La forme théâtrale qu’il choisit après le journalisme lui vient naturellement. Mais il ne s’agit pas de la forme traditionnelle du théâtre occidental dont on a l’habitude. En effet, les révolutions se poursuivent à l’intérieur même de son écriture : les personnages de la dramaturgie classique laissent place à des personnages dont le principal rôle est de porter le texte révolutionnaire, l’espace, les spectateurs, les voix, tout est remis en cause. Le théâtre pour lui est avant tout une nécessité d’expression, il est fait pour « répondre à ce qui était en train de se passer, de trouver le langage qui convenait… c’était en quelque sorte naître »[4].

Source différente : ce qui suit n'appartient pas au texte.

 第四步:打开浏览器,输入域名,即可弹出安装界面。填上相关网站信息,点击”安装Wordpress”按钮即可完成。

Il ne fait pas de théâtre dans l’objectif de représentations car il rejette violemment l’idée du spectateur-consommateur, le résultat n’est donc pas l’important. L’essentiel pour lui c’est le travail en lui-même, le Work in Progress qui passe par l’apprentissage du son, du corps, de la musique et surtout de la pensée et du verbe ; « c’est la confrontation de l’individu et du texte »[5].

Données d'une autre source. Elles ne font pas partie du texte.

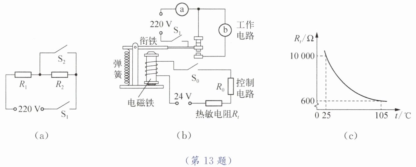 【方案优化】有同学认为图($a$)所示方案不能实现自动切换功能,于是利用电磁继电器与热敏电阻,设计了如图($b$)所示的方案。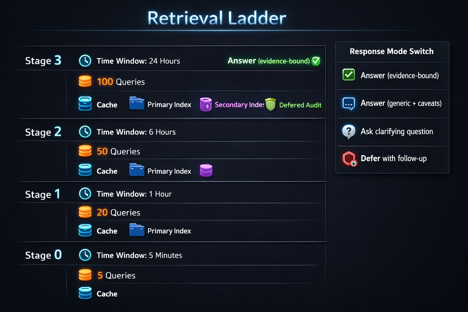 - Stage 3 (350ms+): deferred retrieval (async follow-up), deep audit mode

La démarche politique de Gatti dans sa création théâtrale est de rassembler une communauté, celle des loulous, pour « mobiliser les énergies vers un objectif commun ». « C’est donc une invitation à la connaissance, à l’apprentissage d’un langage qui […] permet à chacun de devenir son propre maître »[6].

Armand Gatti interroge le langage, plus que les mots même, c’est leur(s) sens qu’il questionne. Car c’est la langue qui permet à l’homme de s’élever et de se révolter. Pour lui, la poésie et la révolution sont complémentaires, la langue est un outil. C’est avec cet outil qu’il choisit de combattre du côté des opprimés, pour la résistance et la cause plus grande que l’homme. Ses mots sont ceux de la prise de conscience contre ceux de la prise de pouvoir.

Expériences de création et d’écriture[modifier | modifier le code]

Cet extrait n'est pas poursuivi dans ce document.